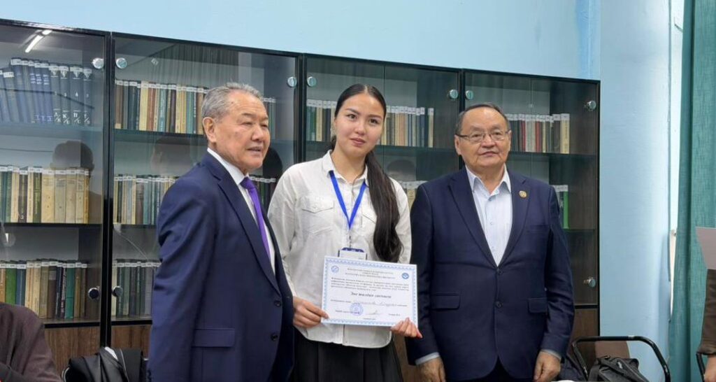 Профессор Назаркул Ишекеев байгелүү орундарга ээ болгон командаларды жана студенттерди ардак громаталар жана дипломдор менен сыйлады.
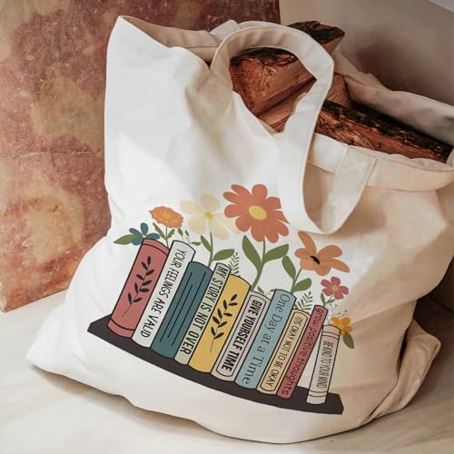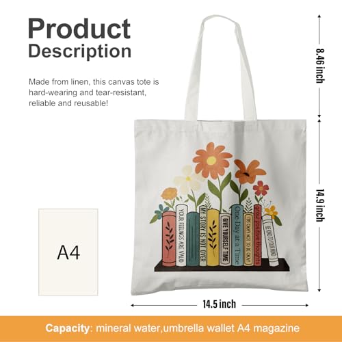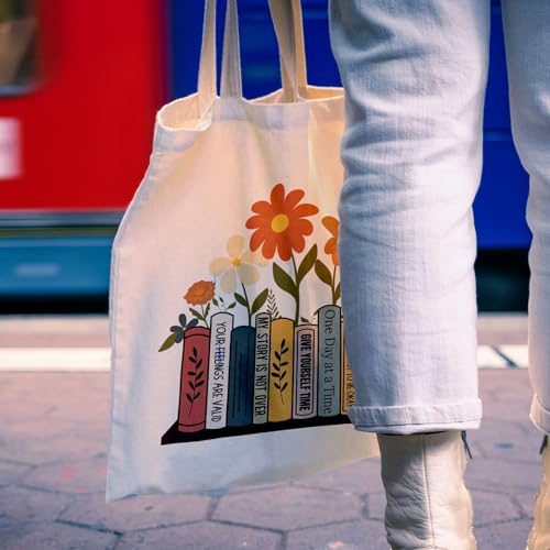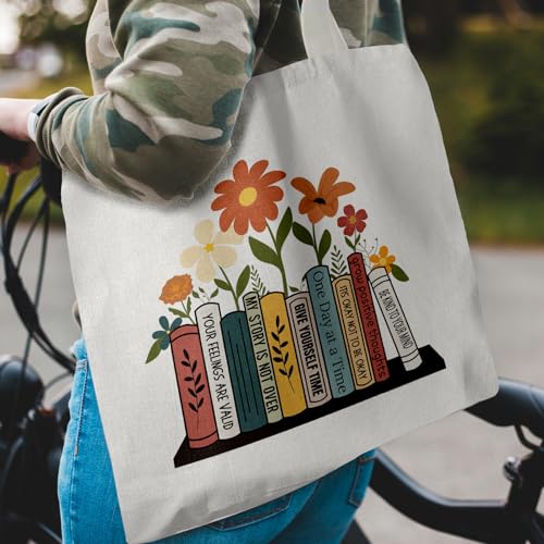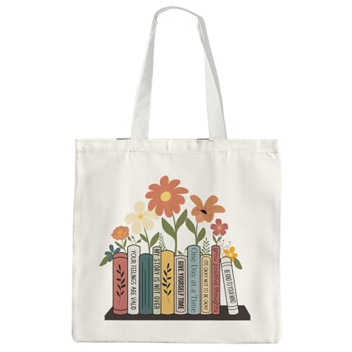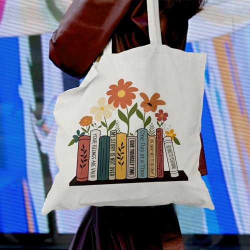 OTOUO - شنطة توت قماشية للصحة العقلية من اوتوو، شنطة قابلة لاعادة الاستخدام لمحبي الكتب، شنطة كتف قماشية ملهمة مزينة بالزهور، هدايا لمحبي الكتب، هدايا ملهمة للنساء
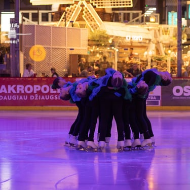 Žinoma, spektaklis neįvyktų ne tik be autorių, bet ir be dalyvių. Šį kartą subūrėme 40 čiuožėjų – prie Ledyno čiuožėjų prisijungė vaikai ir iš kitų mokyklų, o viena mergaitė kas savaitę atvykdavo netgi iš Kauno! Repeticijoms aukoti penktadienio vakarus, o vėliau ir savaitgalius, tikrai ne visada yra smagu, tačiau čiuožėjai gausiai rinkosi, mėgavosi procesu ir kantriai dirbo tikėdami procesu. O procesas buvo išties įdomus – nuo repeticijų salėje mokantis judesius ir skaičiuojant taktus, iki repeticijų ant ledo, mokantis viską perteikti čiuožiant. Klydome, taisėme, keitėme, tačiau nėsyk nesuabejojome savo idėja ir bendryste. Kartu čiuožė jauniausi ir vyriausi Ledyno čiuožėjai, į spektaklį buvo įtraukti tiek patyrę čiuožėjai, tiek atradę dailųjį čiuožimą vos prieš kelis mėnesius. Šie skirtumai tapo mūsų unikalumu, Amžinybės giria svetingai visus priėmusi suartino ir suvienijo. Vienas kito palaikymas, tikėjimas ir sėkmės linkėjimas mus lydėjo iki pat premjeros.
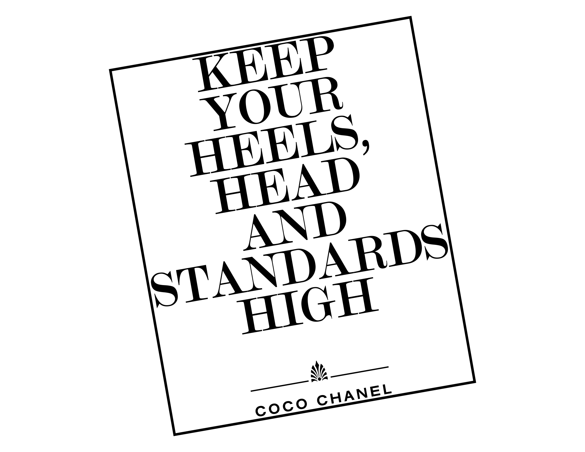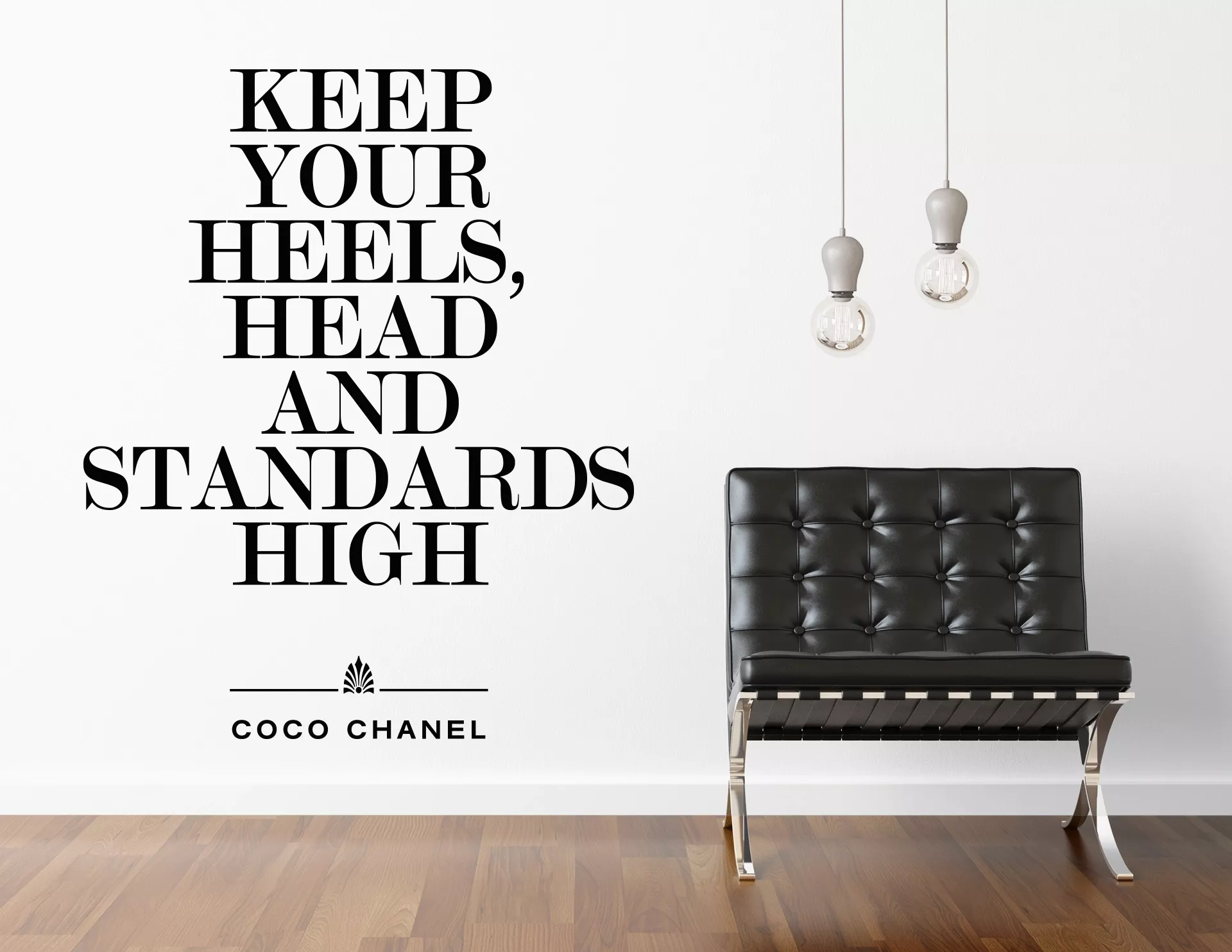 "Keep your Heels, Head und Standards high". So elegant wie das kleine Schwarze, nur für die Wand: Das Design "High Standards" mit einem Zitat von Coco Chanel.

☆ ☆ ☆ ☆ ☆

(What the exercise asks): Output all lines above precisely. Pictures are to be left out.

(Reply to the exercise):
 Профессор Назаркул Ишекеев байгелүү орундарга ээ болгон командаларды жана студенттерди ардак громаталар жана дипломдор менен сыйлады.
 OTOUO - شنطة توت قماشية للصحة العقلية من اوتوو، شنطة قابلة لاعادة الاستخدام لمحبي الكتب، شنطة كتف قماشية ملهمة مزينة بالزهور، هدايا لمحبي الكتب، هدايا ملهمة للنساء
 Žinoma, spektaklis neįvyktų ne tik be autorių, bet ir be dalyvių. Šį kartą subūrėme 40 čiuožėjų – prie Ledyno čiuožėjų prisijungė vaikai ir iš kitų mokyklų, o viena mergaitė kas savaitę atvykdavo netgi iš Kauno! Repeticijoms aukoti penktadienio vakarus, o vėliau ir savaitgalius, tikrai ne visada yra smagu, tačiau čiuožėjai gausiai rinkosi, mėgavosi procesu ir kantriai dirbo tikėdami procesu. O procesas buvo išties įdomus – nuo repeticijų salėje mokantis judesius ir skaičiuojant taktus, iki repeticijų ant ledo, mokantis viską perteikti čiuožiant. Klydome, taisėme, keitėme, tačiau nėsyk nesuabejojome savo idėja ir bendryste. Kartu čiuožė jauniausi ir vyriausi Ledyno čiuožėjai, į spektaklį buvo įtraukti tiek patyrę čiuožėjai, tiek atradę dailųjį čiuožimą vos prieš kelis mėnesius. Šie skirtumai tapo mūsų unikalumu, Amžinybės giria svetingai visus priėmusi suartino ir suvienijo. Vienas kito palaikymas, tikėjimas ir sėkmės linkėjimas mus lydėjo iki pat premjeros.
 "Keep your Heels, Head und Standards high". So elegant wie das kleine Schwarze, nur für die Wand: Das Design "High Standards" mit einem Zitat von Coco Chanel.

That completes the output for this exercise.